Further, the company revised its FY19 revenue guidance in constant currency (CC) terms to 8.5-9%. The guidance for operating margin (OPM) is retained at 22-24%.

Consolidated attrition declined to 19.9% in Q3FY19 over 22.2% in the previous quarter.

The company also announced a share buyback under open market route of Rs 82.6 billion at a maximum price of Rs 800 per share. It also announced a special dividend of Rs 4 per share.

To know more about the company, you can read Infosys Q3FY19 result analysis and Infosys 2017-18 Annual Report analysis on our website.

Moving on to the news from the banking space, Yes bank share price is witnessing buying interest today as the bank appointed Brahm Dutt as its non-executive chairman.

Dutt has been on the board of the bank since July 2013 as an independent director and has contributed to almost all the sub-committees of the board over the past 5 years and a half.

Reportedly, Rajesh Sud, former MD and CEO of Max Life Insurance, and current Yes Bank Executive Director Rajat Monga were shortlisted to succeed long-serving MD Rana Kapoor.

In another news, the bank has also inked a pact with Kia Motors for finance and banking solutions.

As per an article in The Economic Times, the bank will be able to provide end-to-end financial solutions to Kia motors India.

Here's an excerpt from the article:

  • According to the memorandum of understanding (MoU) inked between both the companies, Yes Bank will offer financing and banking solutions to Kia car dealers with products such as term loans, cash credit and inventory funding.

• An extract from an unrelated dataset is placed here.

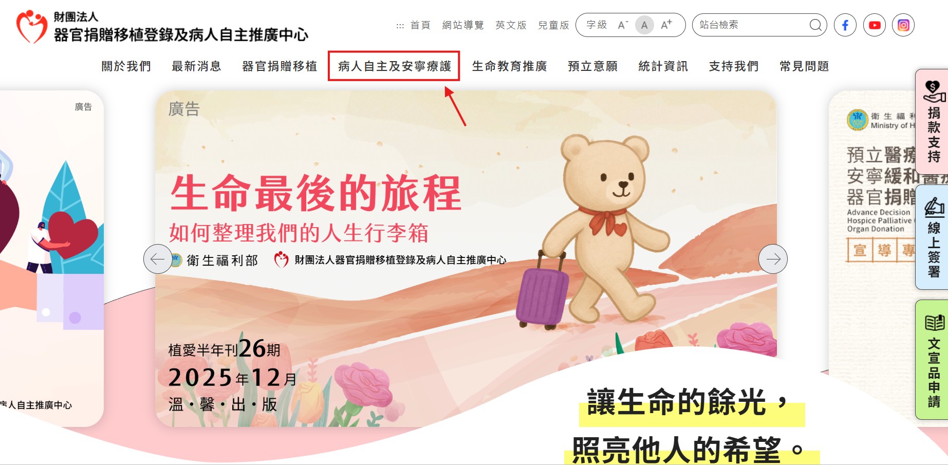 歡迎至 財團法人器官捐贈移植登入及病人自主推廣中心 官網 https://www.tosrpapc.org.tw/

Note that the stock of the company plunged to its lowest levels in over two years in November. Losses were seen after credit rating agencies ICRA and CARE ratings downgraded the bank's debt instruments.

ICRA downgraded domestic long-term ratings of the bank's senior debt instruments to 'ICRA AA' from 'ICRA AA+' and its subordinate debt instruments to 'ICRA AA-' from 'ICRA AA'.

Meanwhile, CARE Ratings cut domestic ratings of Yes Bank's senior debt instruments to 'CARE AA+' from 'CARE AAA' and subordinate debt instruments to 'CARE AA' from 'CARE AA+'.

Yes bank share price is presently trading up by 4%.

To know more about the company, you can access to Yes bank Q2FY19 result analysis and Yes bank Stock Analysis on our website.

Speaking of banking sector, credit growth for banks is back to its 5-year high. Have a look at the chart below:

Credit Growth Back to 5 Year High

The credit growth that banks in India posted in December quarter of 2018, at 15.1% YoY, is not just very healthy. It's nearly 2 times GDP growth. But it also back to the five-year high.

Strong credit disbursal is clearly a sign of many things to come. Higher consumption demand, better capacity utilization, more capex and higher profits.

It would be interesting to see how this trend follows in 2019. Meanwhile, we will keep you updated on all the developments from this space.